- **What needs to be done**
Copy the lines below exactly, starting with the first and finishing with the one holding "El proyecto busca"; do not copy the pictures.

- **Recorded data**
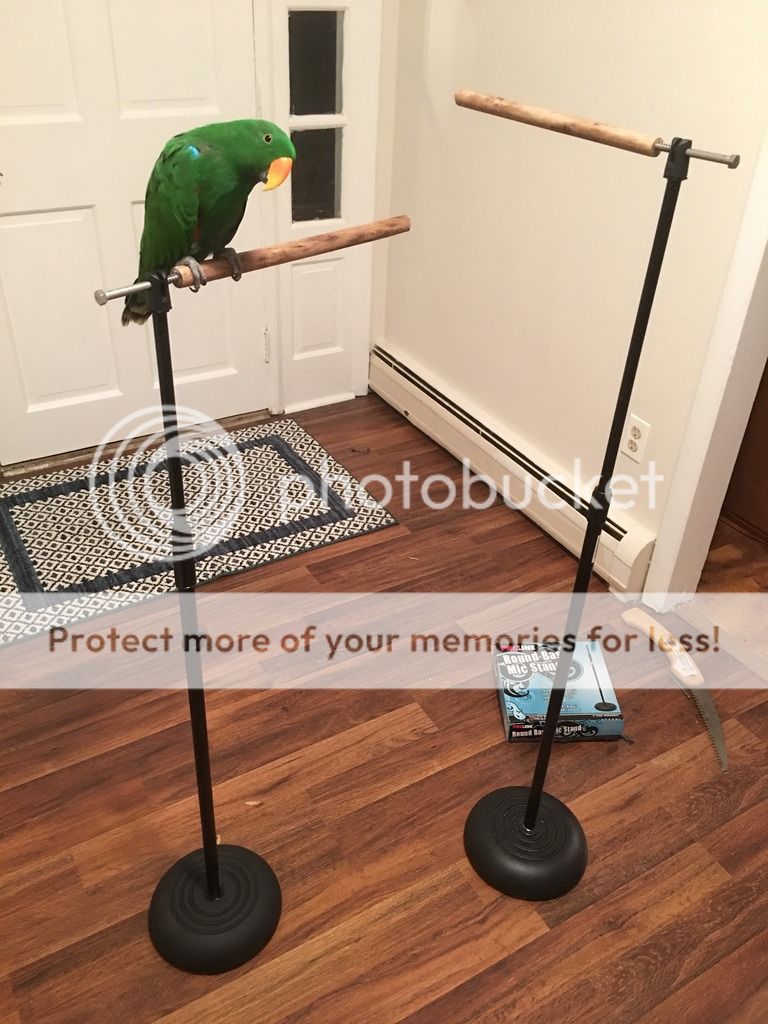 Ok, super excited about my epiphany and success. I've been wanting to start flight training with Parker, but haven't been happy with the stands out there. The only ones that suit my needs are the Parrot wizards outrageously priced stands.
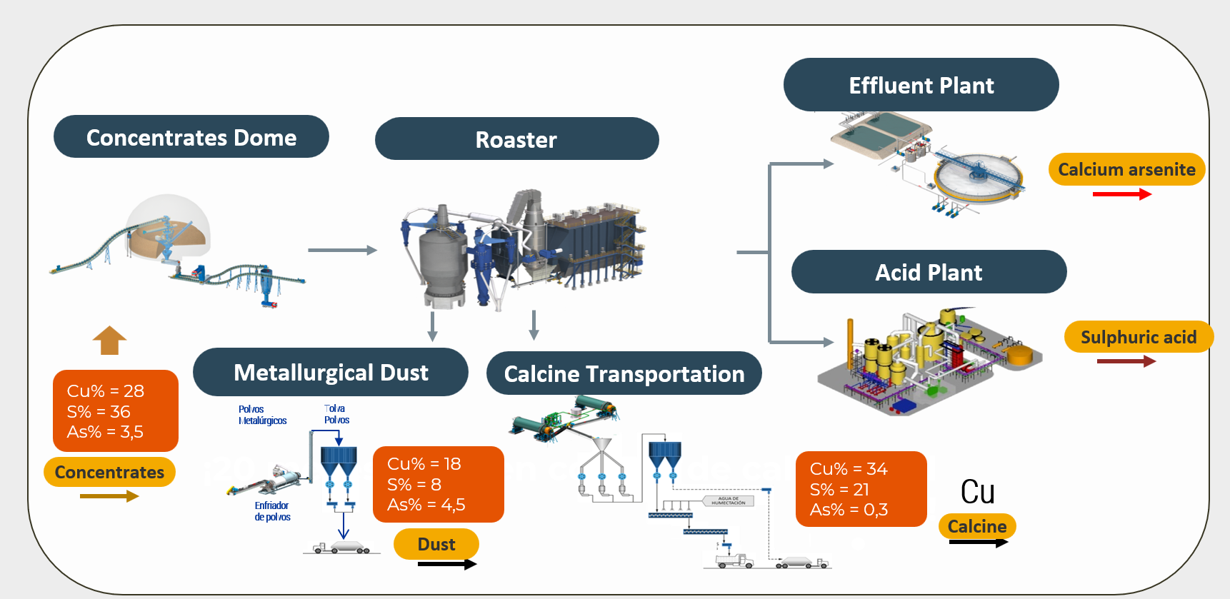 El proyecto busca ofrecer un proceso industrialmente viable que se integre perfectamente con las operaciones de la planta existente, sea escalable a volúmenes actuales y futuros, y contribuya a alcanzar estrictos objetivos de cumplimiento ambiental para la gestión del arsénico.
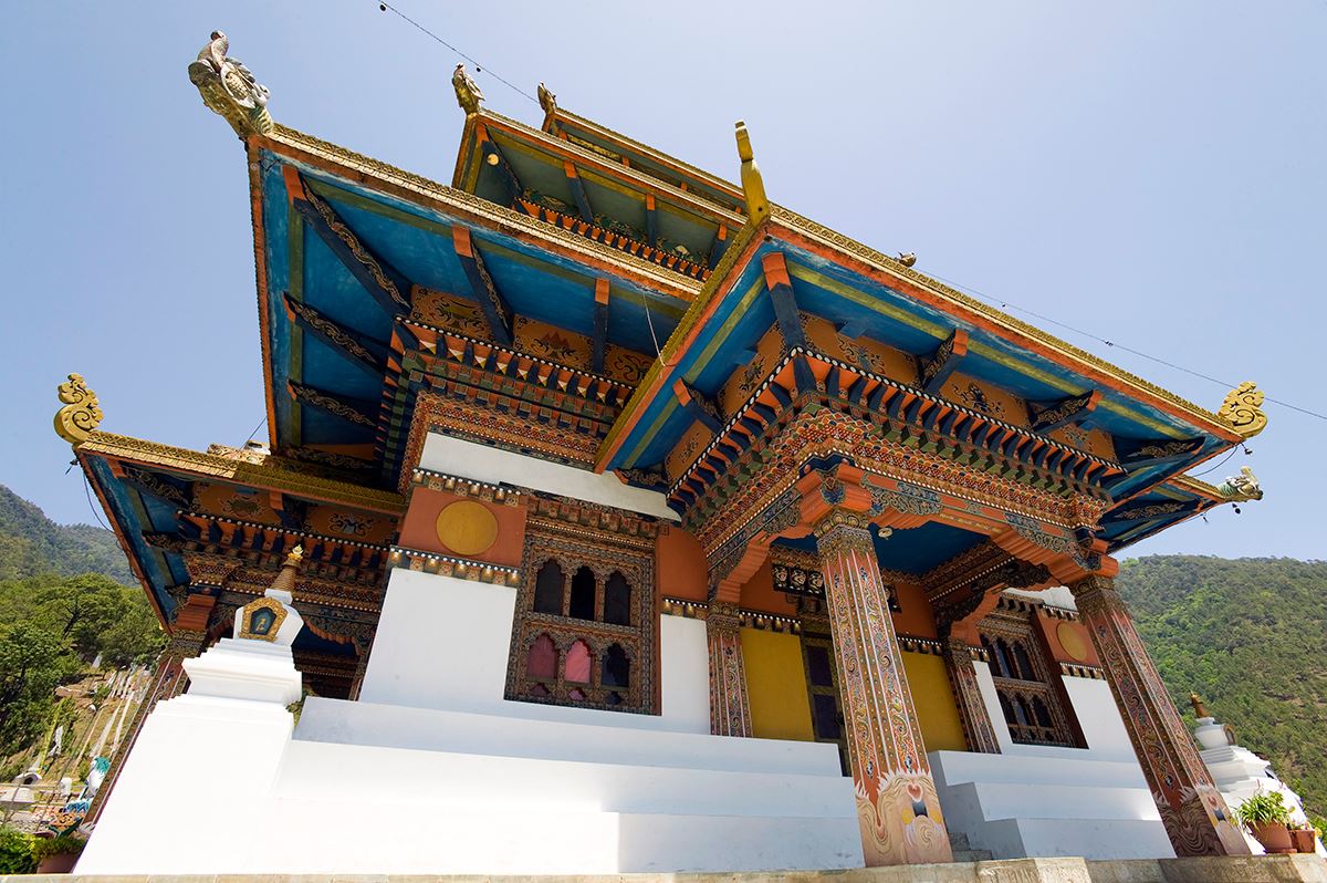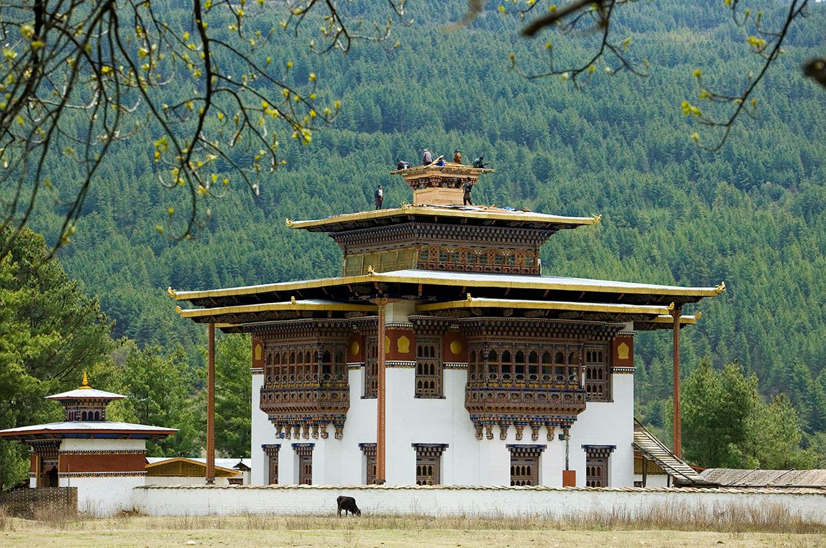 Spektakulär ist unsere Fahrt über den 3.100 Meter hohen Dochula-Pass. Die herrliche Berglandschaft mit Rhododendron-Wäldern und der Blick auf den Himalaya sind atemberaubend! Hier hat auch der seltene Schwarzhalskranich in einem Schutzgebiet seine Heimat gefunden. Am Nachmittag besuchen wir das Gangtey Kloster im Phobjikha-Tal und bestaunen die sehenswerten Holzarbeiten des Tempels. 150 km
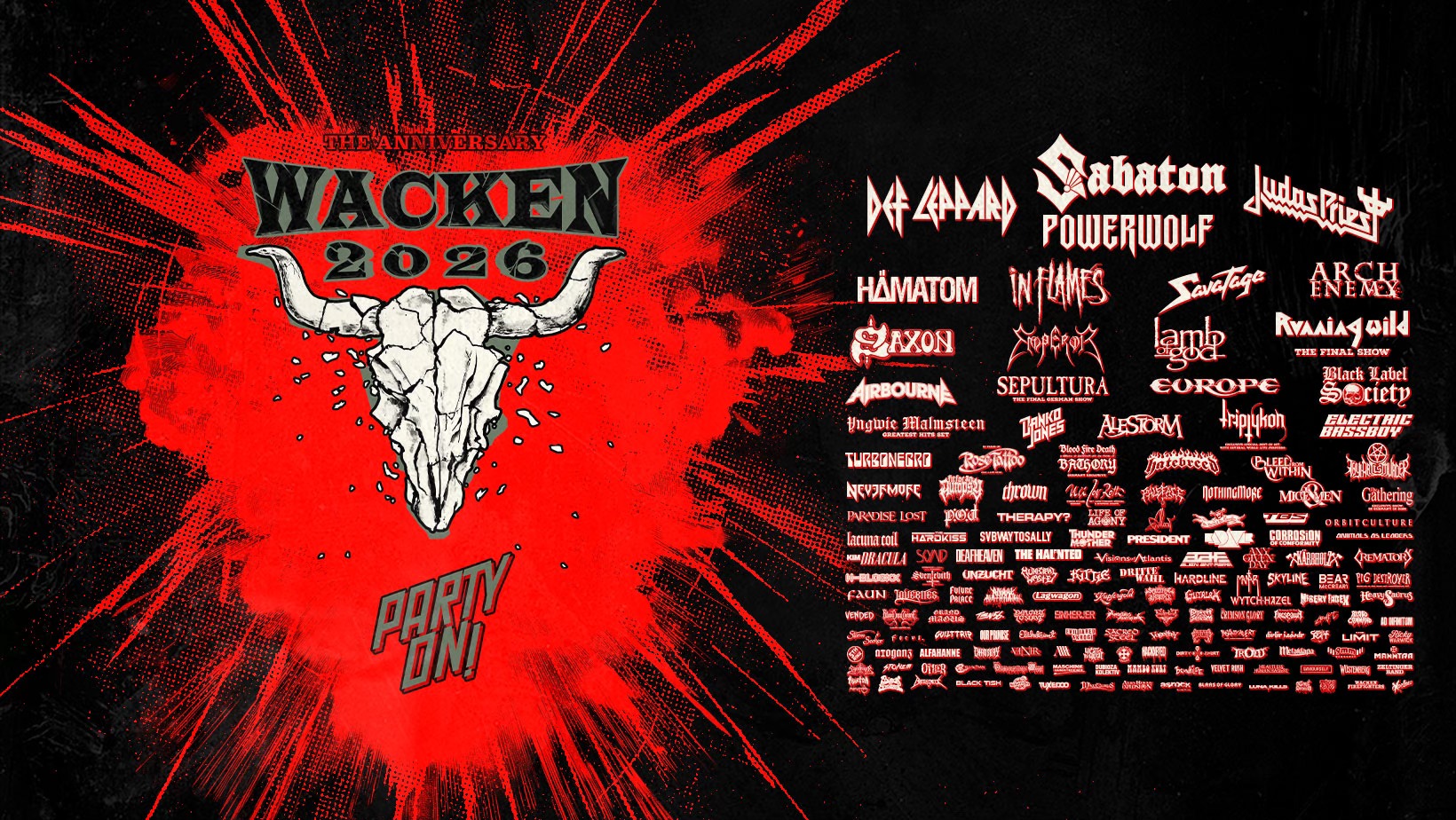 Das Wacken Open Air 2026 feiert sein 35-jähriges Bestehen und hat mittlerweile weit über 130 Bands im Programm. Die bisherigen Headliner sind Def Leppard, Judas Priest und Powerwolf. Dazu kommen Highlights wie In Flames, Savatage, Running Wild (mit ihrer Abschiedsshow), Sepultura (mit ihrem letzten Konzert in Deutschland), Arch Enemy, Lamb of God, Saxon, Black Label Society, Airbourne, H-Blockx und das DJ-Set Electric Bassboy von den Electric-Callboy-Jungs. Mit Sabaton bekommt das Line-up jetzt den Power-Metal-Act, der in dieser Aufstellung noch gefehlt hat.

- **Answer space**
 Ok, super excited about my epiphany and success. I've been wanting to start flight training with Parker, but haven't been happy with the stands out there. The only ones that suit my needs are the Parrot wizards outrageously priced stands.
 El proyecto busca ofrecer un proceso industrialmente viable que se integre perfectamente con las operaciones de la planta existente, sea escalable a volúmenes actuales y futuros, y contribuya a alcanzar estrictos objetivos de cumplimiento ambiental para la gestión del arsénico.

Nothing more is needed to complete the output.